Exercise inputs START

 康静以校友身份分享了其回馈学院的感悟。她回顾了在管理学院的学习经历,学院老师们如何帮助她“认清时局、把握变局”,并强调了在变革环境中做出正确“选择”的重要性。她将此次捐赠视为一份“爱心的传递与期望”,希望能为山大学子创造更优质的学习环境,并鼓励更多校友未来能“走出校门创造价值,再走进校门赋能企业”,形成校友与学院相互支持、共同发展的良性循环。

Exercise inputs END
Exercise inputs START

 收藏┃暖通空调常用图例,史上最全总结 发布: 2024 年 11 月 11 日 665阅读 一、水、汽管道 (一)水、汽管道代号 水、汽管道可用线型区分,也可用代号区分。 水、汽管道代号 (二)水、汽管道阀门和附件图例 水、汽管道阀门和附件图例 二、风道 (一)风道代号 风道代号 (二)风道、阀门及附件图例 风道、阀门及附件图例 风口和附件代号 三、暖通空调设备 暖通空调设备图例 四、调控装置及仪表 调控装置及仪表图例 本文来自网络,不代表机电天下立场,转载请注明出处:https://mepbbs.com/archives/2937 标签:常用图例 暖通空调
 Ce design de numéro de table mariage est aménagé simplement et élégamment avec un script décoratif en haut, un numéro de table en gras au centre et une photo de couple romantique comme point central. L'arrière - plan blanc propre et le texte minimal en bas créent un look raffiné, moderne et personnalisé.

Exercise inputs END

Problem description
The entries above hold the needed span. Transcribe exactly the lines from the one with "收藏┃暖通空调常用图例,史上最全总结 发布: 2024" to the one with "Ce design de", both included.

Result of this task
 收藏┃暖通空调常用图例,史上最全总结 发布: 2024 年 11 月 11 日 665阅读 一、水、汽管道 (一)水、汽管道代号 水、汽管道可用线型区分,也可用代号区分。 水、汽管道代号 (二)水、汽管道阀门和附件图例 水、汽管道阀门和附件图例 二、风道 (一)风道代号 风道代号 (二)风道、阀门及附件图例 风道、阀门及附件图例 风口和附件代号 三、暖通空调设备 暖通空调设备图例 四、调控装置及仪表 调控装置及仪表图例 本文来自网络,不代表机电天下立场,转载请注明出处:https://mepbbs.com/archives/2937 标签:常用图例 暖通空调
 Ce design de numéro de table mariage est aménagé simplement et élégamment avec un script décoratif en haut, un numéro de table en gras au centre et une photo de couple romantique comme point central. L'arrière - plan blanc propre et le texte minimal en bas créent un look raffiné, moderne et personnalisé.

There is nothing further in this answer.